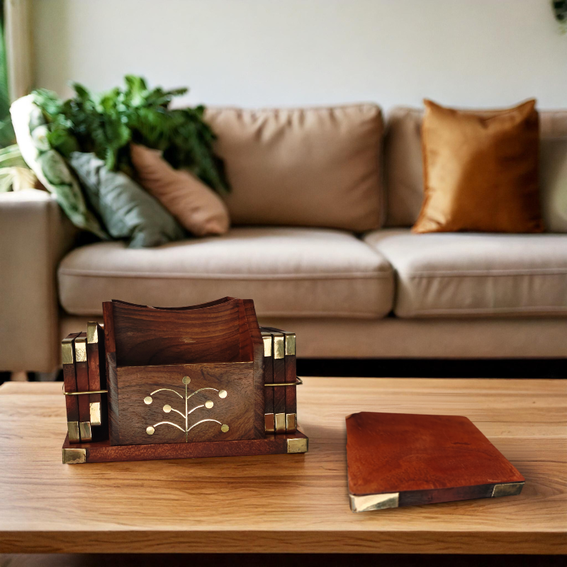 Vintage Rustic Indian Handicraft Handmade Solid Wood Pan Stand Traditional Decorative Living Room Organizer for Hand Tools
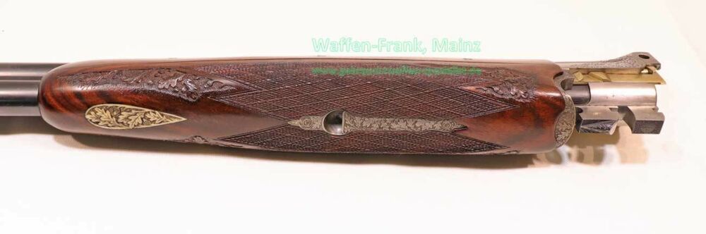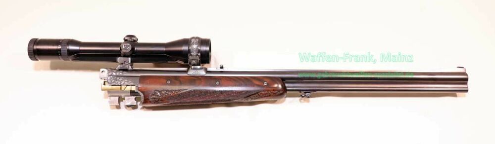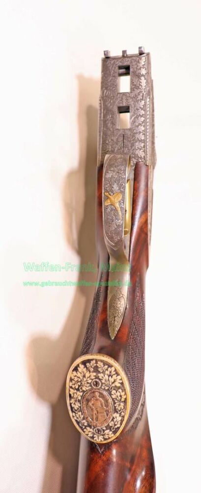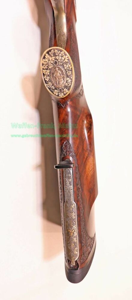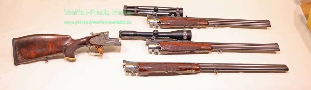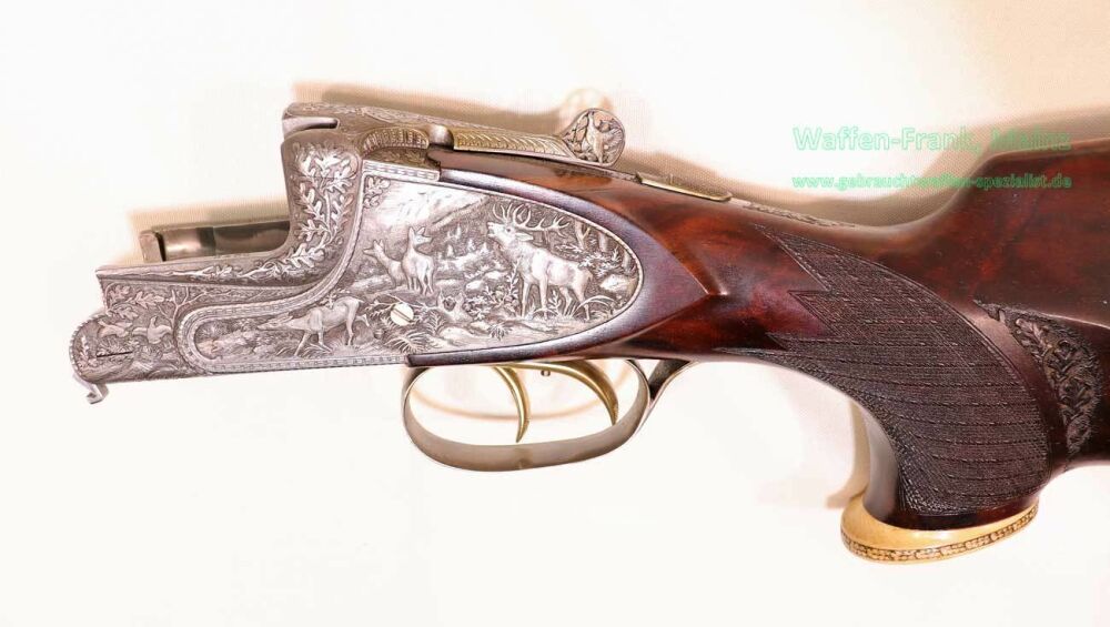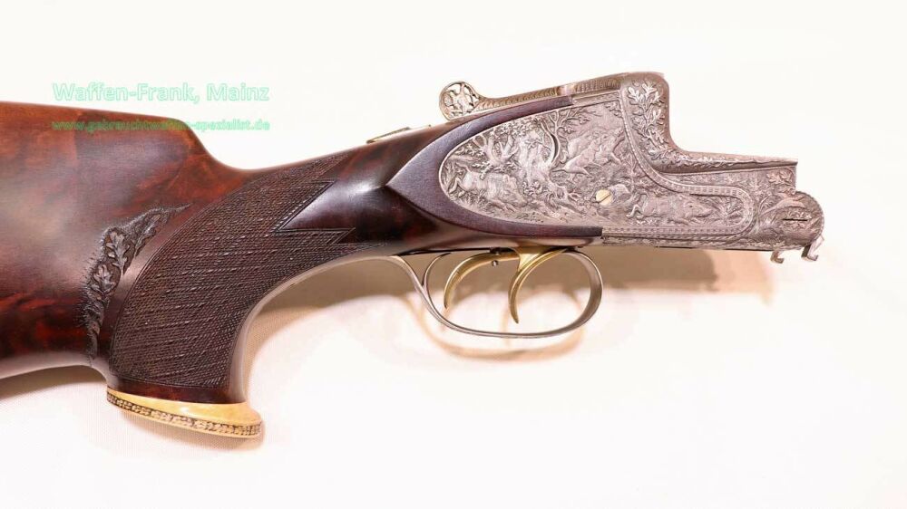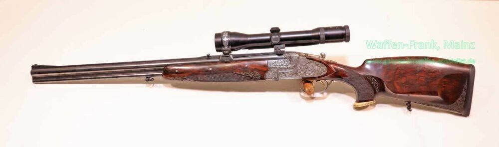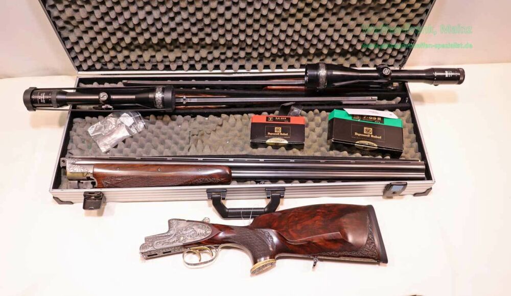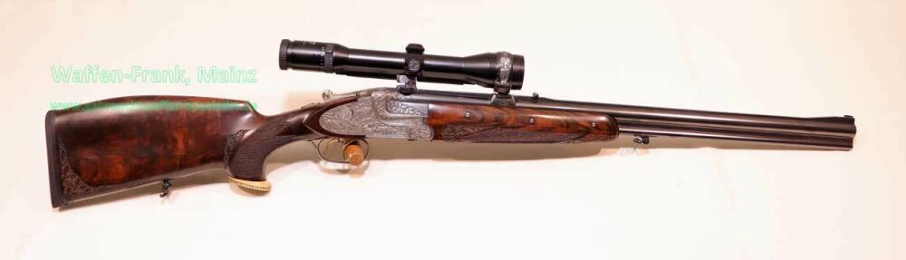 aus Sammlungsauflösung, jagdlich nicht geführt, als reines Unikat gefertigt durch die Büchsenmacherei J. Keiner, Haidersbach im Auftrag der Büchsenmacherhandelsgenossenschaft, als Staatspräsent der DDR für ihren mehrfachen Europameister und Olympia Silbermedaillen Gewinner 1980 und 1988 in der Disziplin laufende Scheibe, sowie mehrfacher Träger des vaterländischen Verdienstorden der DDR, sowie anschl. Bundestrainer, die Bauteile, wie Lauf und System sind baugleich wie bei Merkel Mod. 303/324, mit herausnehmbarem Seitenschloß mit Signalwelle, doppelter Laufhaken- und Kerstenverschluss, beide Abzüge mit Rückstechereinrichtung, hochwertige und tief gestochene Jagdstückgravur, rechts Sauenhatz, links Hirschbrunft, Muschel mit tiefgestochenem und modelliertem Eichenlaub, aufsteigender Fasan auf Abzugsbügel in Gold eingelegt, durchbrochener Verschlusshebel als balzender Auerhahn, Pistolengriffkäppchen aus Bein mit eingelegtem Suhler Büchsenmachermotiv, graviertes Schaftmagazin, ebenfalls passende Gravur auf allen Laufwurzeln und Zielfernrohrmontageringen, (ingeputzter Ausführung), Schaft aus hochwertigem Wurzelmaserholz auf Wunsch und Maß des erstbesitzers gefertigt, Holzklasse 7-8, bei allen drei Laufpaaren seperater, geteilter Vorderschaft mit gravierter Beineinlage, feinste handgeschnittene, schottische Fischhaut, mit Eichenlaubeinrahmung, BBF-Wechsellauf 12/70-7x65R mit ZF Zeiss Diavari-ZM 1,5-6x42 Absehen , Bergstutzen-Wechsellauf 5,6x52R-7x65R mit ZF Zeiss Diavari-Z 2,5-10x52 Absehen 4 (war bereits schoneinmal montiert), jagdlich brauchbares Zusammenschießen mit RWS TM 4,6g/10,5TIG, von 1986, Doppelflintenlauf 12/70, Choke 1/2-1/1, mit Ejektor, im abschließbarem Luftreisekoffer, aktueller Vergleichspreis EUR 67.824,- bei Neukauf mit mindestens zwei Jahren Lieferzeit und voraussichtlich nicht mehr in dieser hochwertigen, meisterlichen, Spitzenqualität!..Preis auf Anfrage
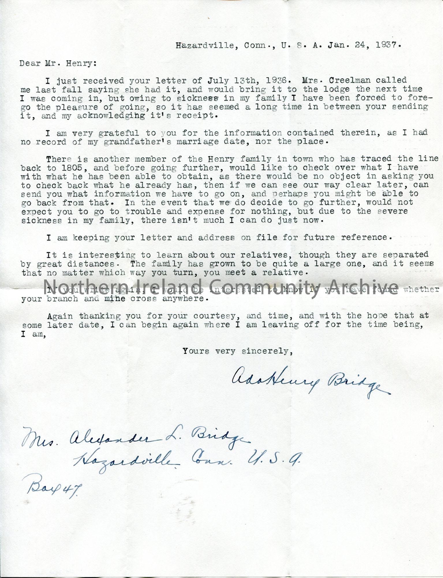 Typed letter to Mr Henry from Ada Henry Bridge. There has been a delay in replying to Sam's letter of 1936 due to illness in the family. Sam had sent information re their family history. Thanks him for his research.
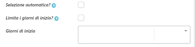 La casella accanto a Limita i giorni di inizio, va spuntata se si vuole limitare gli appuntamenti in modo da farli iniziare in determinati giorni della settimana. In caso di spunta, si dovranno aggiungere, dal menù a tendina sottostante (Giorni di inizio) i giorni indicati in cui far iniziare le prenotazioni.
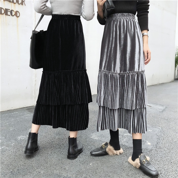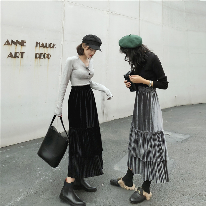 / 裙子女秋冬新款韓版寬松百搭絲絨百褶裙半身裙高腰A字裙學生長裙
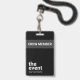 A minimalist black and white event badge for crew members, VIP and organizers. This event badge is also ideal as an all access pass. Feel free to personalise the colour scheme of this simple but elegant event badge or add more information to either the front or back side. Should you need help at any time of the process, please contact us. We are here to help.
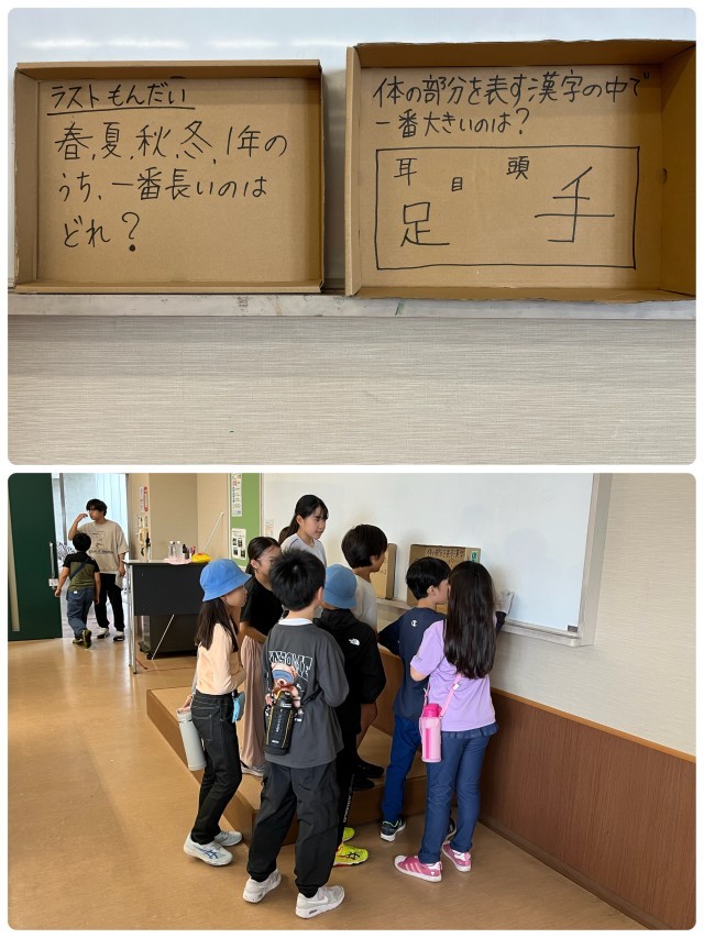 最後は研修室に戻って校長問題にチャレンジ。正解したらお昼のお弁当タイムです。
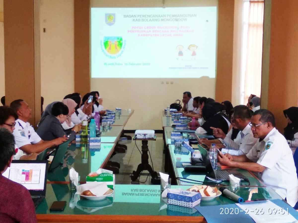 Sebagai upaya menuju KLA, Badan Perencanaan Pembangunan Daerah (Bappeda) Bolmong menggelar Focus Group Discussion (FGD) tahap awal Rencana Aksi Daerah (RAD) KLA, Rabu (26/2/2020), di Kantor Bappeda Bolmong.
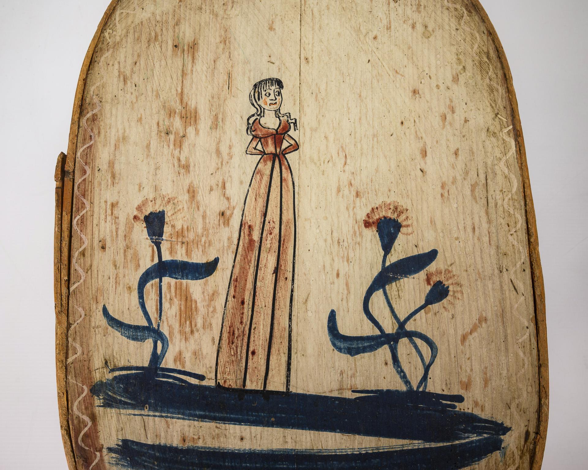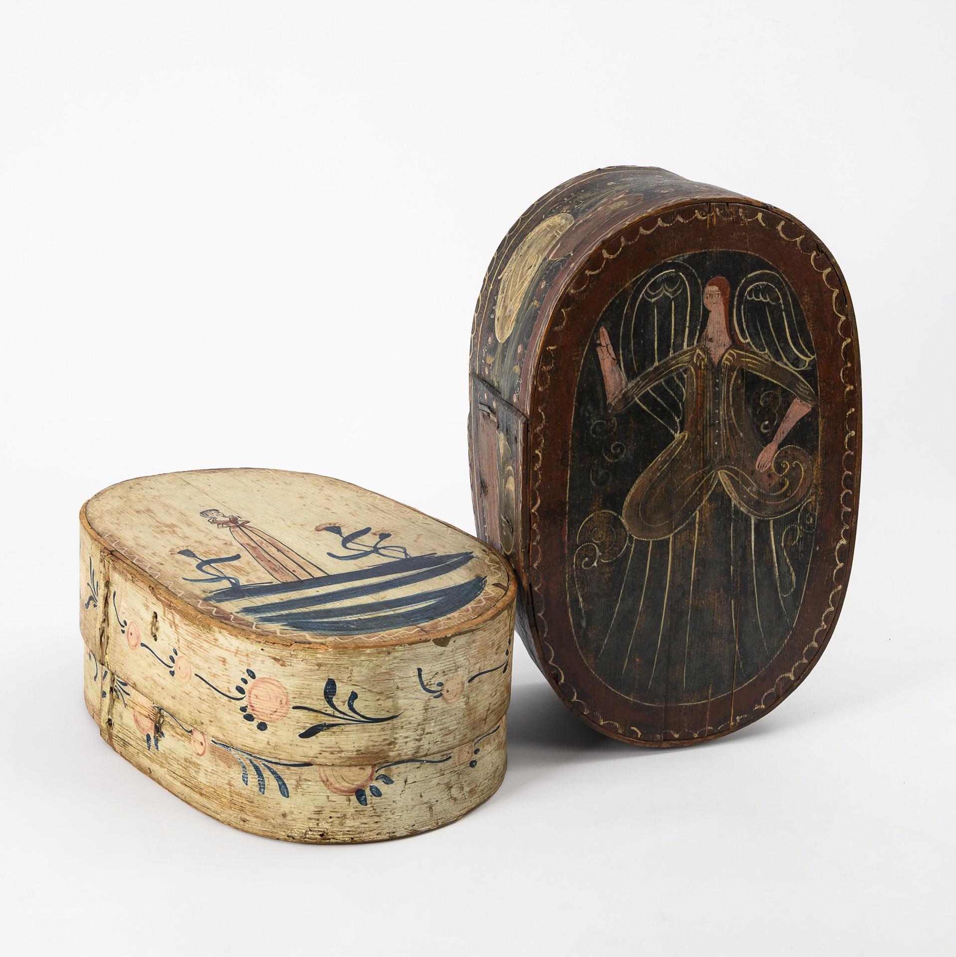 Weißgrundige Spanschachtel: Auf dem Deckel gemalte Jungfrau zwischen Blumen; auf der Wandung umlaufende kleine Blumen. / In rotbrauner Rahmung dunkelgrün grundierte Schachtel: Engel auf dem Deckel sowie auf der Wandung große umlaufende Blumen. Je teils fehlende Nahtspäne, je Fehlstellen an den Wandungen, 1 Boden mit alt geklebtem Trockenriss, je Alters-/Gebrauchsspuren.
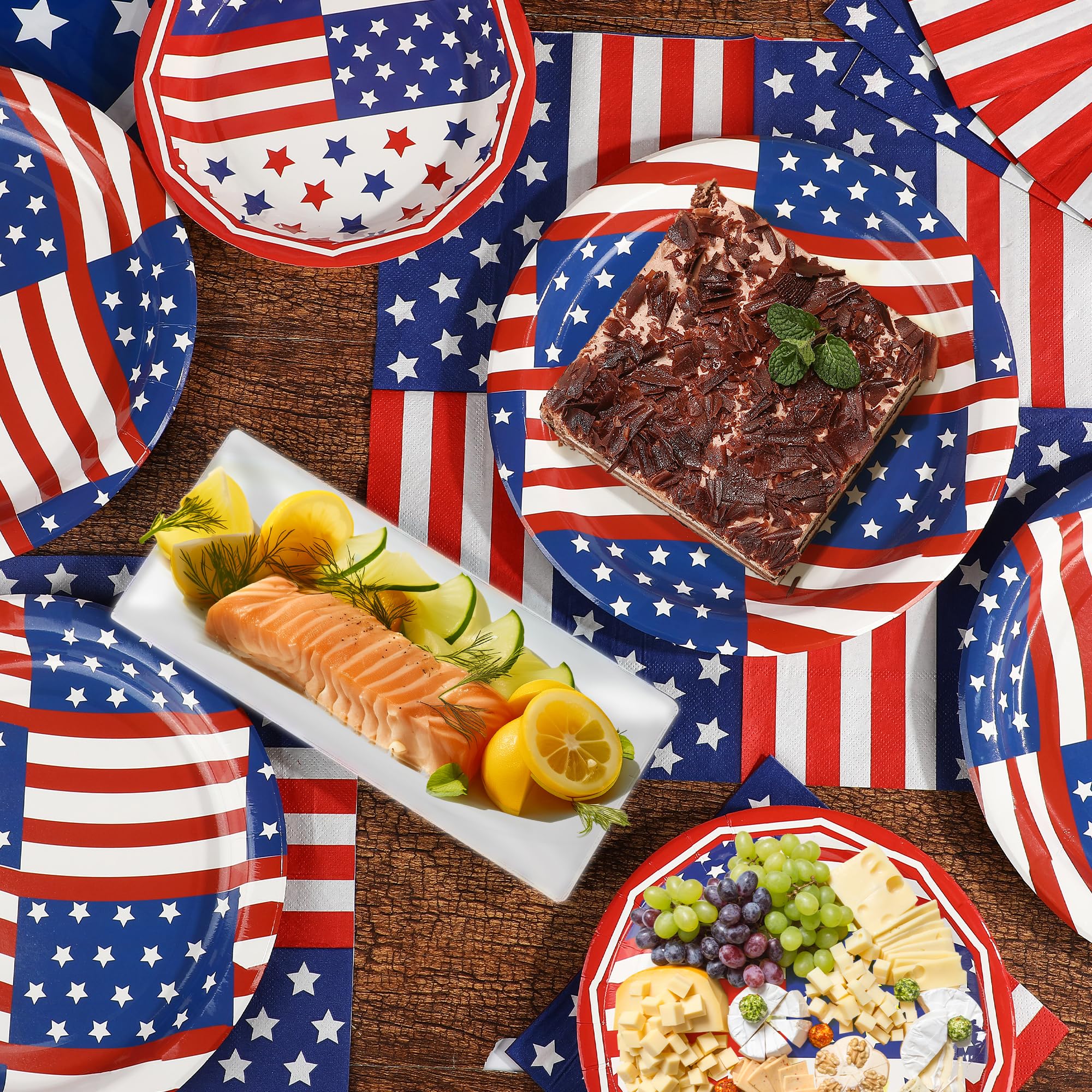 PartyDecorpro is a leading custom disposable tableware manufacturer and patriotic tableware wholesale supplier, providing high-quality independence day tableware and 4th of july party supplies for B2B partners. This durable paper set with classic flag design supports full OEM customization of patterns and sizes—ideal for patriotic events and wholesale orders.
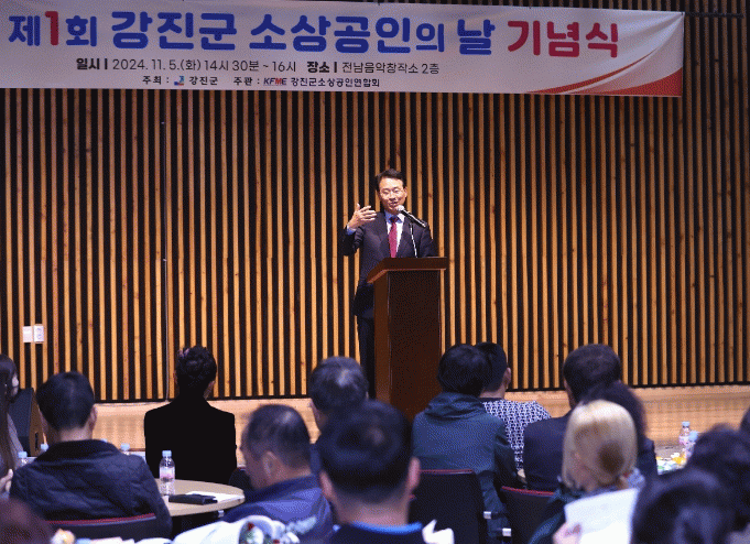 강진원 군수는 ‘제1회 강진군 소상공인의 날’ 기념식을 축하하고, 고물가 고금리 등의 어려움을 버티고 생업을 이겨나가는 소상공인들의 노고를 격려하며, 지역경제의 실핏줄인 소상공인을 위한 지원을 지속적으로 강화하기 위해 지난 6월부터 강진군 소상공인지원센터를 개설했으며, 앞으로도 우리 지역의 소상공인을 위한 지원을 확대할 것 등을 약속했다.
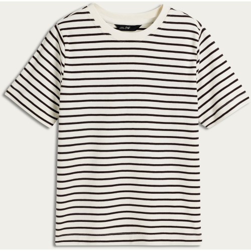 Pure Cotton Stripe Print T-Shirt in Multi Brown

● ● ● ● ●

[Task] The copy should hold only the lines from the one with "La casella accanto" through the one with "A minimalist black", exactly as they stand above. Leave out the pictures.

[Answer section]
 La casella accanto a Limita i giorni di inizio, va spuntata se si vuole limitare gli appuntamenti in modo da farli iniziare in determinati giorni della settimana. In caso di spunta, si dovranno aggiungere, dal menù a tendina sottostante (Giorni di inizio) i giorni indicati in cui far iniziare le prenotazioni.
 / 裙子女秋冬新款韓版寬松百搭絲絨百褶裙半身裙高腰A字裙學生長裙
 A minimalist black and white event badge for crew members, VIP and organizers. This event badge is also ideal as an all access pass. Feel free to personalise the colour scheme of this simple but elegant event badge or add more information to either the front or back side. Should you need help at any time of the process, please contact us. We are here to help.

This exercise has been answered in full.